Exercise aim → From the data below, repeat exactly the lines from the line with "セーラーワンピース マリンセーラー風ワンピース ミモレ丈ロング丈レディース" to the line with "两种行记录格式 Compact 和", both included.

[Record extracts — start]

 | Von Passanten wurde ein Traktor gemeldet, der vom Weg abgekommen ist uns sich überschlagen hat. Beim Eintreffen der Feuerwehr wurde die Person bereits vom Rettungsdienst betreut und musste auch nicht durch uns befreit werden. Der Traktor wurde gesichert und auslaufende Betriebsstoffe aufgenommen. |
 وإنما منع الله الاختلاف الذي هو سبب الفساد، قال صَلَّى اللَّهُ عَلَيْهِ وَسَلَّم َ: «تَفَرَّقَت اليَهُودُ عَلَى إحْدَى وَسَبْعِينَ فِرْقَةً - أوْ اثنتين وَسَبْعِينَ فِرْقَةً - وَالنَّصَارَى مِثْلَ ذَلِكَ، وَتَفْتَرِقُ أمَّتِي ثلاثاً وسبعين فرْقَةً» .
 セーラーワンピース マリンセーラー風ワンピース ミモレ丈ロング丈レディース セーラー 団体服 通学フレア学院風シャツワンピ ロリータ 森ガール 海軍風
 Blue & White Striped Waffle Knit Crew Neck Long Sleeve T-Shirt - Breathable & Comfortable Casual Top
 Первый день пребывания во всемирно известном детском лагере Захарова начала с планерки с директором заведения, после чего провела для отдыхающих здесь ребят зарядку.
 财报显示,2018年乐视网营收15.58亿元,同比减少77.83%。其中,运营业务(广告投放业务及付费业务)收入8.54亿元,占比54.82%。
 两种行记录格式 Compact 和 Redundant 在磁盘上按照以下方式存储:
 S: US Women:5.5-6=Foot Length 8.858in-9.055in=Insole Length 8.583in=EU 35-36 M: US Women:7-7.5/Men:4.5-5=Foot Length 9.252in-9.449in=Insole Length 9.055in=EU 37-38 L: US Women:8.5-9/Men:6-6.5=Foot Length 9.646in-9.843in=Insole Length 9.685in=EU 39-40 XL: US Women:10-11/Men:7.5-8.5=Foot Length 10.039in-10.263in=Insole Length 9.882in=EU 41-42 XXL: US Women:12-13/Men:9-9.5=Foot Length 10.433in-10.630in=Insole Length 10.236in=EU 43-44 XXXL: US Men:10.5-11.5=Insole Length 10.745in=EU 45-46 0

[Record extracts — finish]
[Record extracts — start]

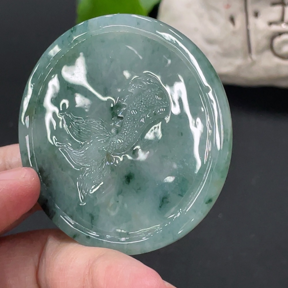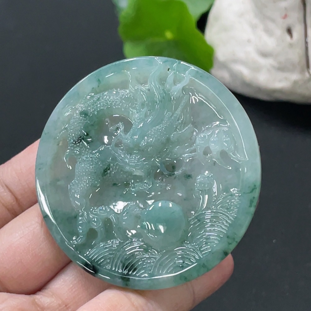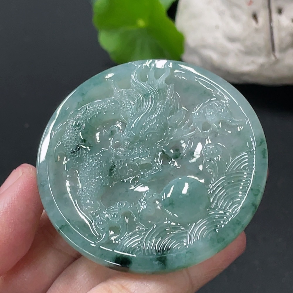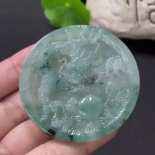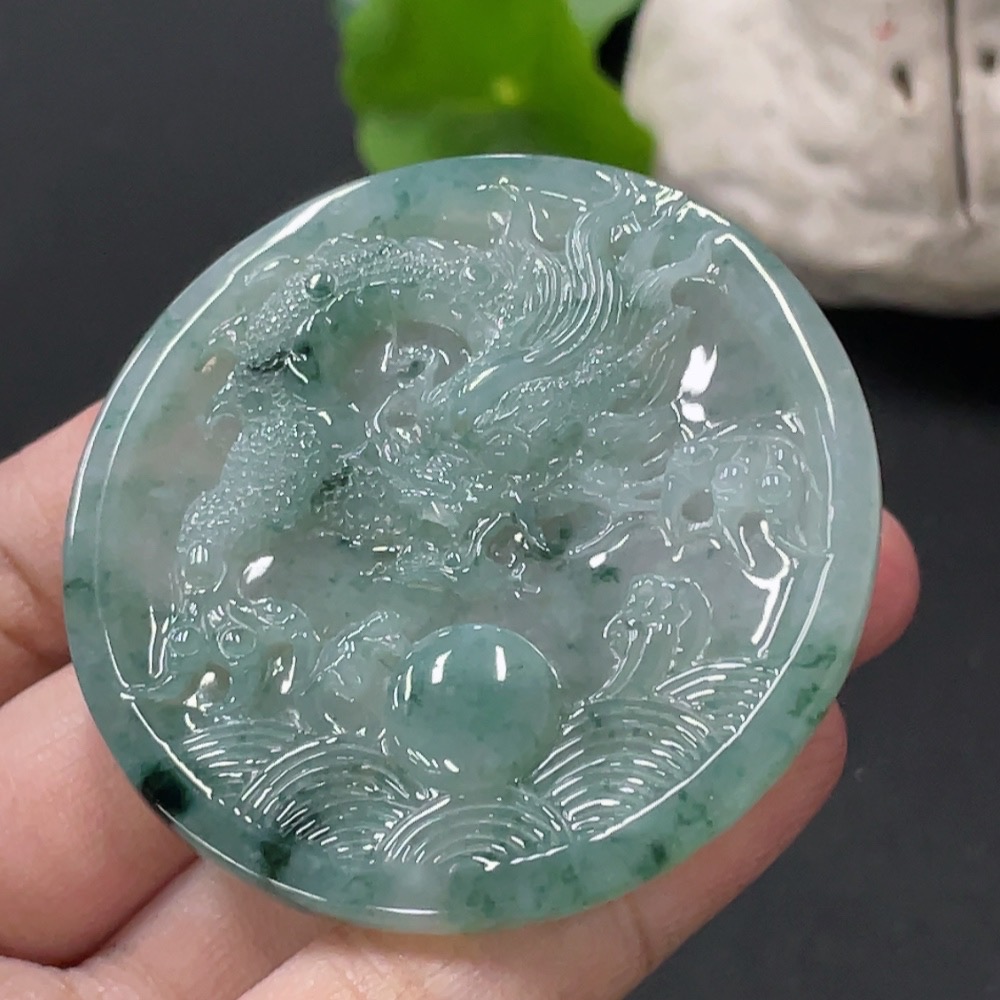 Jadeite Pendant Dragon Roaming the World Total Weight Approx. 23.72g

[Record extracts — finish]
[Record extracts — start]

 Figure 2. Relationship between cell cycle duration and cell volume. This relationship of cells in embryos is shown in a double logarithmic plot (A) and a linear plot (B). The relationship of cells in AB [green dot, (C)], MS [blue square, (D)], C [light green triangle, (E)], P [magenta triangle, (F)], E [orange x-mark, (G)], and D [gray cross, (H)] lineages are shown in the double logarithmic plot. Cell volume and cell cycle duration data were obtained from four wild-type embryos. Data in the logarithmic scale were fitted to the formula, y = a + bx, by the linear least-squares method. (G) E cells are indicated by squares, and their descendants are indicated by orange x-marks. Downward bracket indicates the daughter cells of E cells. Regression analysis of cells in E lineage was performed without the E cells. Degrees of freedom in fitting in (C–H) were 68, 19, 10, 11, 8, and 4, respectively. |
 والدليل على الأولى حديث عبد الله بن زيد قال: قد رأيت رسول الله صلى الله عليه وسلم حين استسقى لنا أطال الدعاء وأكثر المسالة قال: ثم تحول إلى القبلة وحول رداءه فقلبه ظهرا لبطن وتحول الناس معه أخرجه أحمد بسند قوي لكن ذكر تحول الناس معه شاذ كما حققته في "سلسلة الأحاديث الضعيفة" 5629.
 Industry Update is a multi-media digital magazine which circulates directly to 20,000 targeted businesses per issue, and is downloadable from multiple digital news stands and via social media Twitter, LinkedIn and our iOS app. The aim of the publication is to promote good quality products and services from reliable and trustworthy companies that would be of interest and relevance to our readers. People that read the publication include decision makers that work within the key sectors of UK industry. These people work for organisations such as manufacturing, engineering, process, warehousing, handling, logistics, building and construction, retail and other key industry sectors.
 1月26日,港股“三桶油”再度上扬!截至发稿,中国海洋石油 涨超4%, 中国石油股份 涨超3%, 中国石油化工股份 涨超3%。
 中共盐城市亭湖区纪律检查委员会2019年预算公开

[Record extracts — finish]

Answer to this task →
 セーラーワンピース マリンセーラー風ワンピース ミモレ丈ロング丈レディース セーラー 団体服 通学フレア学院風シャツワンピ ロリータ 森ガール 海軍風
 Blue & White Striped Waffle Knit Crew Neck Long Sleeve T-Shirt - Breathable & Comfortable Casual Top
 Первый день пребывания во всемирно известном детском лагере Захарова начала с планерки с директором заведения, после чего провела для отдыхающих здесь ребят зарядку.
 财报显示,2018年乐视网营收15.58亿元,同比减少77.83%。其中,运营业务(广告投放业务及付费业务)收入8.54亿元,占比54.82%。
 两种行记录格式 Compact 和 Redundant 在磁盘上按照以下方式存储:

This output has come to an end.